The policy reasons advanced in the majority opinion are fairly debatable, but I do not believe that we should engraft this new requirement on Rule 2-415(g) without having the Rules Committee expressly consider it, and without giving any opportunity to the Bar to comment on any such requirement. One of the persistent problems in deposition practice is the attorney who sets out to obstruct the deposition by interjecting repeated objections. The ultimate resort to control the obstructionist attorney, unfortunately, is an application for sanctions. Obtaining sanctions is difficult enough when the obstructionist attorney can attempt to justify the conduct complained of by pointing to the vagueness of the requirement that objections be made in order to avoid waiver where “the ground of the objection is one that might have been obviated or removed if presented at that time.” The downside of the Court’s new requirement is that it gives the obstructionist attorney even more ammunition, and more protection against sanctions, by requiring that grounds be stated. The path down which the Court today steers deposition practice also impacts the conscientious attorney. I can foresee attorneys, fearful that the rule of von Lusch v. State, 279 Md. 255, 268, 368 A.2d 468, 472-73 (1977), will be applied to the statement of grounds, advancing at the deposition every conceivable ground of objection that might be considered as one that might be obviated or removed at the deposition.

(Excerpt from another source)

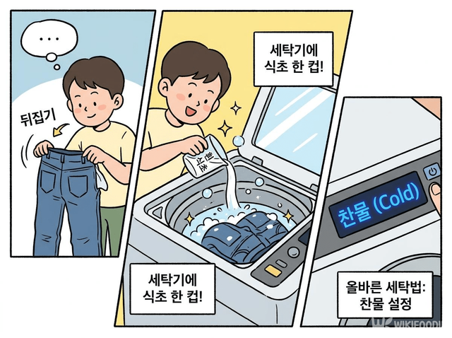 세탁 전 준비도 중요한데, 청바지를 세탁기에 넣기 전에 안팎을 뒤집어서 겉면이 안쪽을 향하게 만드는 것이 좋다. 세탁 중 세탁기 벽면이나 다른 옷과 마찰이 생길 때 겉면이 직접 닿지 않도록 막아주는 방법이다. 찬물로 수온을 설정하고, 식초를 먼저 넣은 뒤 어두운 색 전용 세제를 적정량 추가해 세탁하면 된다.

Finally, I am concerned that the majority opinion weakens the adversarial system. Under my interpretation of the requirements of Rule 2-415(g), the objecting attorney need only object, and the examining attorney has the choice of moving on or backfilling to correct any perceived deficiency. Given the elusiveness of the standard, “unless the ground of the objection is one that might have been obviated or removed if presented at that time,” we should not impose on objecting *264counsel the added burden of educating examining counsel on deficiencies in the testimony that has been elicited. Objecting counsel has a duty to object to then curable deficiencies in the examination, examining counsel has a duty to conduct the examination in a proper manner, particularly when the deposition testimony is to be used in lieu of live testimony at trial, and the court has a duty to rule on the objections, the grounds of which are stated when the parties are before the court.
In those instances in which objecting counsel chooses to state the ground for the objection in order to be cooperative, counsel undoubtedly does so because counsel has concluded that there is no detriment to the client. But objecting counsel should not be forced to assist opposing counsel in preparing the adversary’s case, where objecting counsel concludes that the client’s legitimate interests require that the deposition proceed in literal compliance with the Rule.
In the instant matter the difference between the majority’s analysis and my analysis does not alter the result. The problem was cured when the deponent testified that all of the opinions that he had expressed were held to a reasonable degree of medical probability.
Chief Judge BELL has authorized me to state that he joins in the views expressed herein.